Many of us have plenty of pictures from inside our boats, but very few of us from another boat. If you recognize someone, let me know. Also, if anyone wants a high resolution copy, PM me. The first one is me taken from a friend's boat, the second is my friend's classic 23' Seacraft. The cat boat at the end of the North Jetty scared me pretty good. The photo is from after they moved away from the rocks. I was puckered up watching how close they were. Maybe it was just my vantage point, or that captain's stones are MUCH bigger than mine!


----------



## jeffscout (Jun 22, 2004)

And a few more...


----------



## Nwilkins (Jan 18, 2009)

Part Timer said:


> My newest little knuckle head.


Great pictures, beautiful kiddos


----------



## Mrschasintail (Dec 8, 2004)

I'm eating Pizza. I feel deprived Capt Dave!!!


----------



## MEGABITE (May 21, 2004)

jeffscout said:


> If you recognize someone, let me know. Also, if anyone wants a high resolution copy, PM me.
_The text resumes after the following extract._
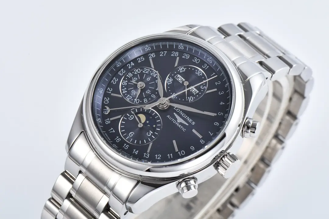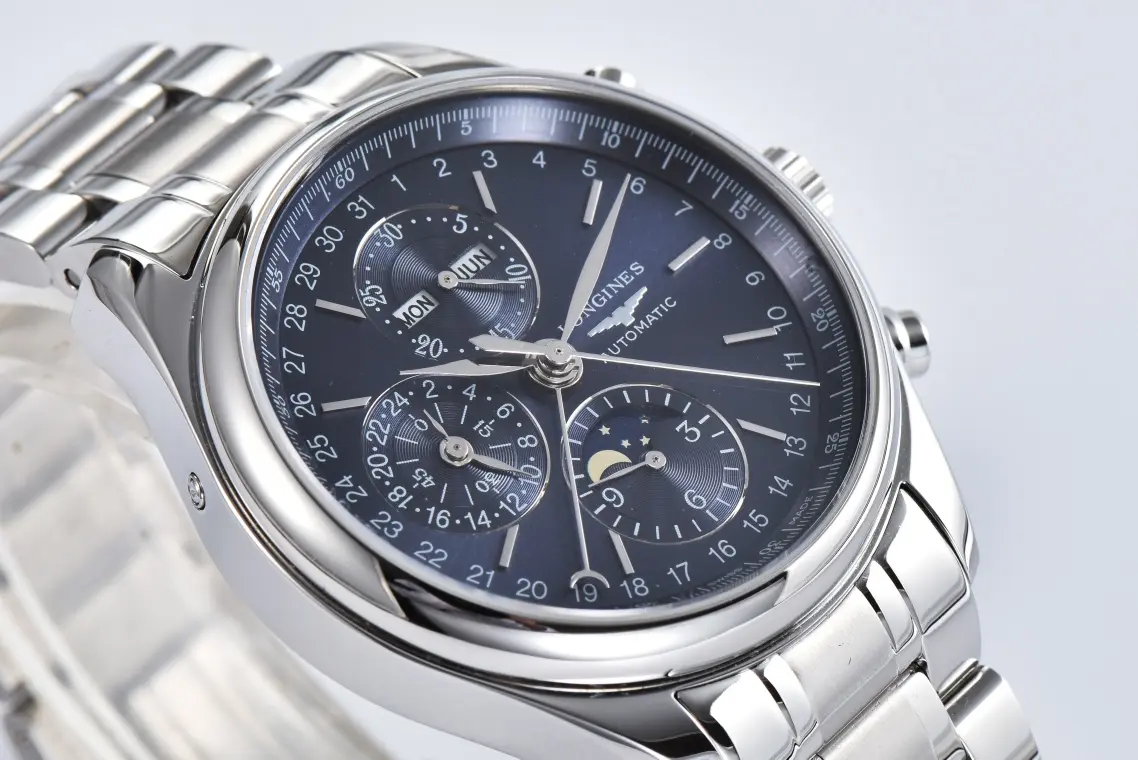 Experience the elegance of the Longines Master Collection with this Moonphase Chronograph Watch. Featuring a silver stainless steel case and a striking blue dial, this 42mm timepiece combines classic style with modern functionality. As a premium watch replica, it offers exceptional craftsmanship that rivals the original design. Explore the finest 1:1 super clone watches at ChinaTime to elevate your collection with unmatched precision and style. Discover more about high-quality timepieces and enhance your wardrobe with stunning Replica Watches.

That's me in the bass boat. jk :slimer:


----------



## Bily Lovec (Sep 26, 2005)

Bear hunting in New Mexico a few weeks ago...


----------



## WilliamH (May 21, 2004)

I love the beer selection this time of year!!


----------



## cubera (Mar 9, 2005)

Well this is how I spent most of my day. Starter ring gear got chewed up. Time to replace it.
Always something.


----------



## SailandSkiCenter (Jun 23, 2014)

*Sail and Ski Center.....and Recovery? Well ok.*

You never know what you'll see when you venture to Braunig Lake! Just ran down to prop out a Dargel 230 HDX Kat and ended up lending this poor guy a hand.


----------



## kempker1409 (Feb 26, 2006)

Last years Halloween.


----------



## RRfisher (Mar 5, 2007)

That Chucky costume is awesome. My son has red hair and would have been perfect in that costume when he was younger.


----------



## KarrMar (Jul 12, 2011)

The beach has been really nice this week


----------



## stelvis (May 26, 2005)

*Tucson Golf: La Paloma, Gallery, Dove Mountain*

I think I see NWilkins ball in the Cactus next to mine...yep his ProV-1 next to my Range Ball!..


----------



## Mont (Nov 17, 1998)

Day 11 of the pool project. Day 1 and day 7 were both complete rain outs with close to 2" of rain on each one of them. The mini PVC handrails are place holders until the deck cures a bit. There's a bit of landscaping to be done too, but time to hit race mode and get ready for The Texas Mile next week. Hopefully, by this time next Friday, I will be doing about 160 down Chase Field. I am sure the party will be on at the house.


----------



## captMATT (Jun 3, 2005)

Well..... Got her stuck.


----------



## RLwhaler (Sep 10, 2005)

Our Anniversary vacation Greece/Paris.


----------



## apbubba (Jul 25, 2007)

:walkingsm


finkikin said:


> New Truck :texasflag


 Bought a new Ford Truck after driving my old one for 12 years. **** truck is smarter than the driver. I hate that!


----------



## jamisjockey (Jul 30, 2009)

Wifey earned a trip to Vegas with lia sophia this last week

Departing hobby



















Could only take so much so me and a couple guys in the group hit Red Rock Canyon, and went horseback riding














































I won over 400 at a $15 blackjack table...wife promptly turned it into designer shoes....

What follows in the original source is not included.